◆ WHAT YOU SHOULD DO
Type out the lines below exactly, from the first through the line holding "A composition of", and include no pictures.

[Data extracted from a collection]
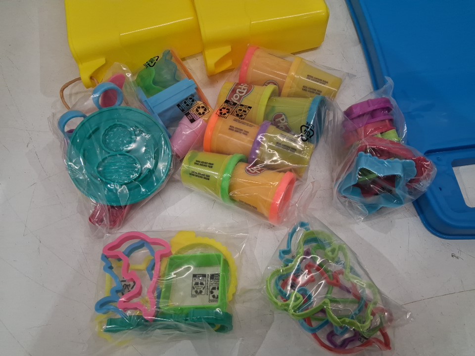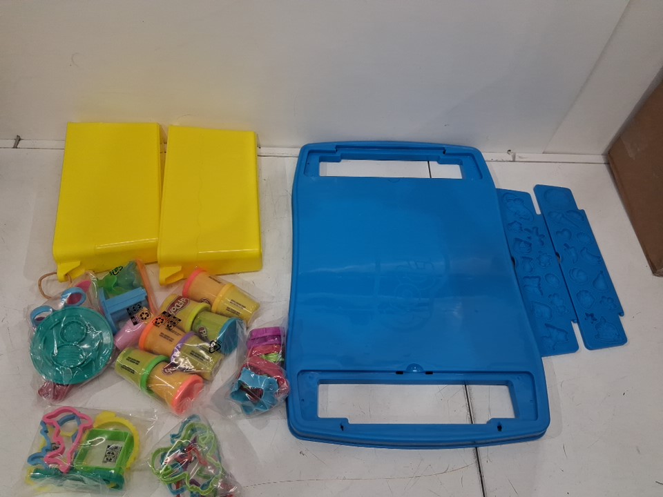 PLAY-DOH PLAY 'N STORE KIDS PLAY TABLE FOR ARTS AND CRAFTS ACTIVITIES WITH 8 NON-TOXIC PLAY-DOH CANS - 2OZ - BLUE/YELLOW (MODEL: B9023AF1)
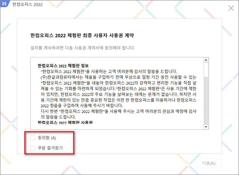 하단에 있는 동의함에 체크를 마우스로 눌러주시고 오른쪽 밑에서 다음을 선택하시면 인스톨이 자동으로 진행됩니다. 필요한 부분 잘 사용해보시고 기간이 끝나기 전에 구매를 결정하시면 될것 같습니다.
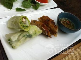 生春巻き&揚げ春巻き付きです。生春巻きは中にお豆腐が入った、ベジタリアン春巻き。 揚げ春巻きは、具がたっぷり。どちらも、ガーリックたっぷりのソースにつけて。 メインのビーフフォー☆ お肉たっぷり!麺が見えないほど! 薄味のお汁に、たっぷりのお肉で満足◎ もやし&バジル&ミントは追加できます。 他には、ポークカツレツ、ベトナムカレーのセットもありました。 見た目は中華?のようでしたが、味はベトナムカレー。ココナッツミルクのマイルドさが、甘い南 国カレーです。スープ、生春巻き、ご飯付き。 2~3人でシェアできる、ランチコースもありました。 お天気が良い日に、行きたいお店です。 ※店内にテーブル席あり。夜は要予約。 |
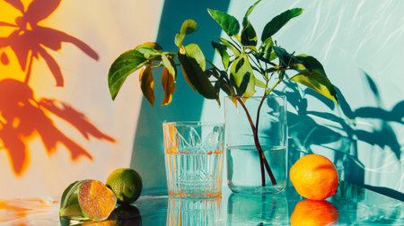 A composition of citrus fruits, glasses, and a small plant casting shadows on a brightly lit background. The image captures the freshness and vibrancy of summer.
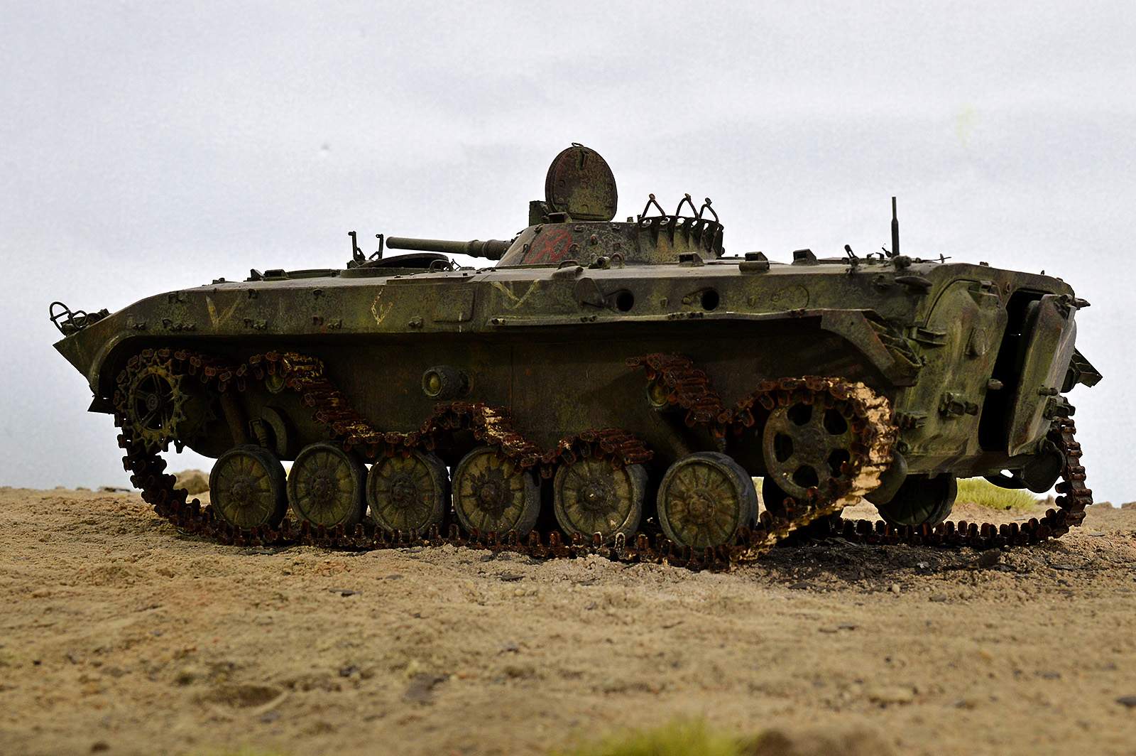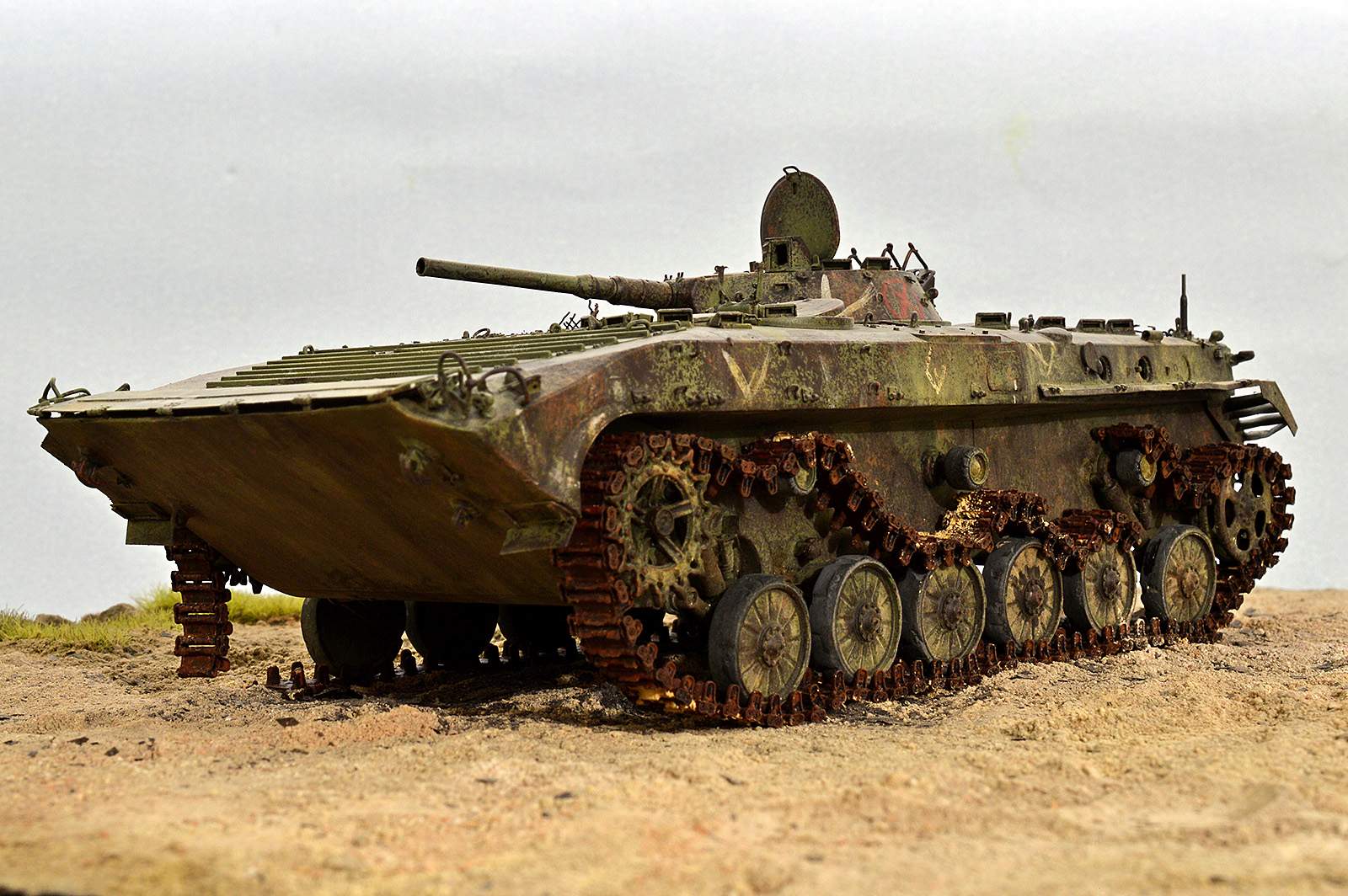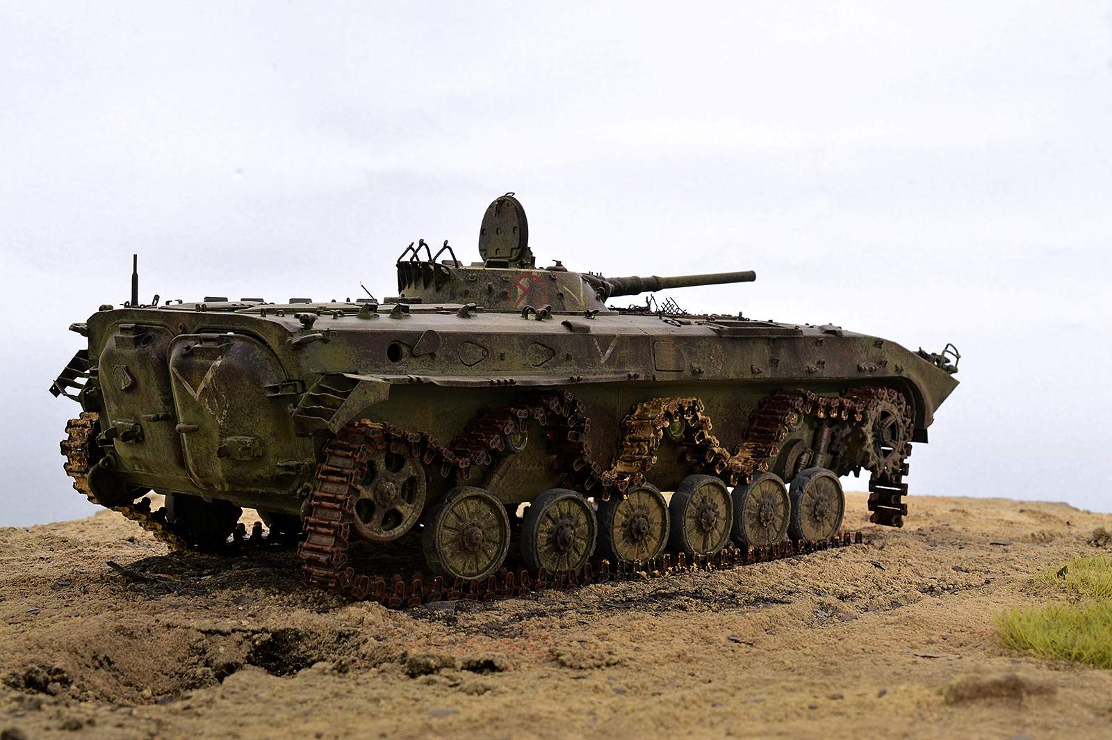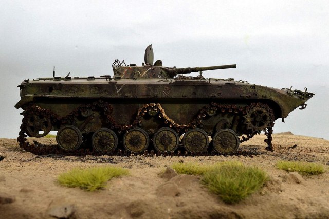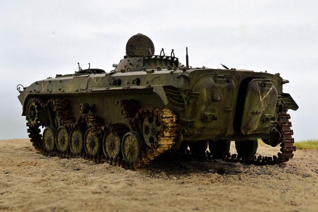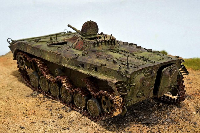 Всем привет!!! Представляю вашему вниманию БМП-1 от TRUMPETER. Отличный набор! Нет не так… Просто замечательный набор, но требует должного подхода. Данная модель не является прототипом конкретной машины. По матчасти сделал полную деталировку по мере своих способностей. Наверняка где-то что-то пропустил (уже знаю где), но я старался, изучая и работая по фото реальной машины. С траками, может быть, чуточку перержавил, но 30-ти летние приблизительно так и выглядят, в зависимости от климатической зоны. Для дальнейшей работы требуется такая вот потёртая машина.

◆ PROBLEM SOLUTION
 PLAY-DOH PLAY 'N STORE KIDS PLAY TABLE FOR ARTS AND CRAFTS ACTIVITIES WITH 8 NON-TOXIC PLAY-DOH CANS - 2OZ - BLUE/YELLOW (MODEL: B9023AF1)
 하단에 있는 동의함에 체크를 마우스로 눌러주시고 오른쪽 밑에서 다음을 선택하시면 인스톨이 자동으로 진행됩니다. 필요한 부분 잘 사용해보시고 기간이 끝나기 전에 구매를 결정하시면 될것 같습니다.
 生春巻き&揚げ春巻き付きです。生春巻きは中にお豆腐が入った、ベジタリアン春巻き。 揚げ春巻きは、具がたっぷり。どちらも、ガーリックたっぷりのソースにつけて。 メインのビーフフォー☆ お肉たっぷり!麺が見えないほど! 薄味のお汁に、たっぷりのお肉で満足◎ もやし&バジル&ミントは追加できます。 他には、ポークカツレツ、ベトナムカレーのセットもありました。 見た目は中華?のようでしたが、味はベトナムカレー。ココナッツミルクのマイルドさが、甘い南 国カレーです。スープ、生春巻き、ご飯付き。 2~3人でシェアできる、ランチコースもありました。 お天気が良い日に、行きたいお店です。 ※店内にテーブル席あり。夜は要予約。 |
 A composition of citrus fruits, glasses, and a small plant casting shadows on a brightly lit background. The image captures the freshness and vibrancy of summer.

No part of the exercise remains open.